Options to fight back the discontinuation of Sandbox Solution in SharePoint Online

The deprecation of Sandbox solution is actually not new to those who continuously keep their eyes on Microsoft, which was announced in 2014. And 2 years later in 2016, Microsoft announced that its steps to completing the removal of code-based sandbox solution in SharePoint Online. Customers who have been using code-based sandbox solution have only 30 days before existing code gets stopped. This message does contribute to the list of pain points that exists.

In this article, I’m trying to propose a few options for such I call “a surprised disaster” in SharePoint. The article is not going to technically tell you step by step like removing assembly or converting code-based sandbox solution to client-side code. This is the job of hands-on developer which I’m not doing now.

Client-side Conversion

One of the common approaches is to convert to client-side code to be compatible with SharePoint Online. This sounds an ideal approach but you would not have enough time if your SharePoint Online has many sandbox solutions deployed. Microsoft only allows your changes within 30 days. If you can convince your customers to hold on the business that sandbox-based application is offering just during the time of conversion, this approach is for you. In real-world case, it rarely happens, especially for organizations who have adopted Office 365 from the beginning (back to the day when folks heard of the cloud-based version of SharePoint).

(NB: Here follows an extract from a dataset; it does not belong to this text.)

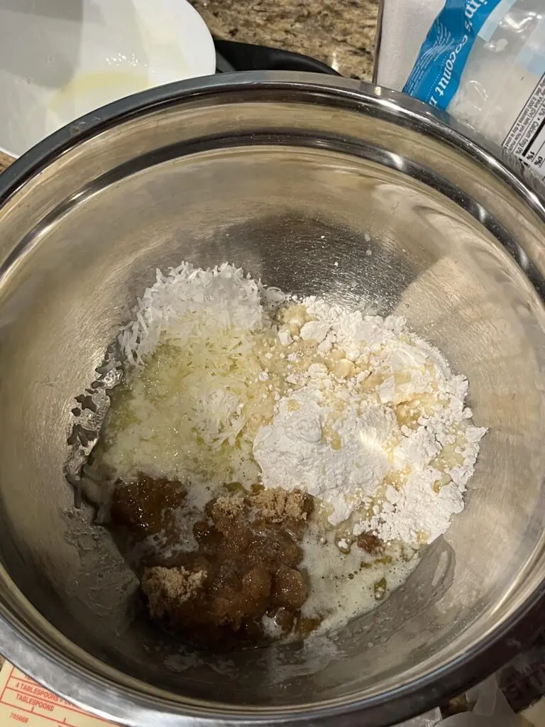 Since I’ve made so many RecipeTin Eats recipes, I’ve learned to trust the process. Caramel Slices start out with a shortbread base, so I expected it be similar to what I typically make for lemon bars: butter, flour, sugar, and salt. However, there was a surprising addition to this shortbread: coconut. I was a little confused, but Nagi has never led me astray. Trust the process, I reminded myself.

Move Sandbox solution back to On-premises

This approach is to still keep sandbox solution but move back to On-premises environment (by it means, the private cloud environment running on Azure should be called an on-premises environment). What you only need to do is extract solution, build a new SharePoint farm and deploy sandbox into the farm. With this approach, you save your time, and offer your customer a continuous running business with sandbox solution, without any waiting time for model conversion.


Remember that the on-premises version of SharePoint is now following the strategy of SharePoint Online as Microsoft shared its vision of the future of SharePoint here (https://www.youtube.com/watch?v=0NyxhMlIGeA). Hence, you will have to sometime convert back to server-side code or client-side code running in your on-premises environment.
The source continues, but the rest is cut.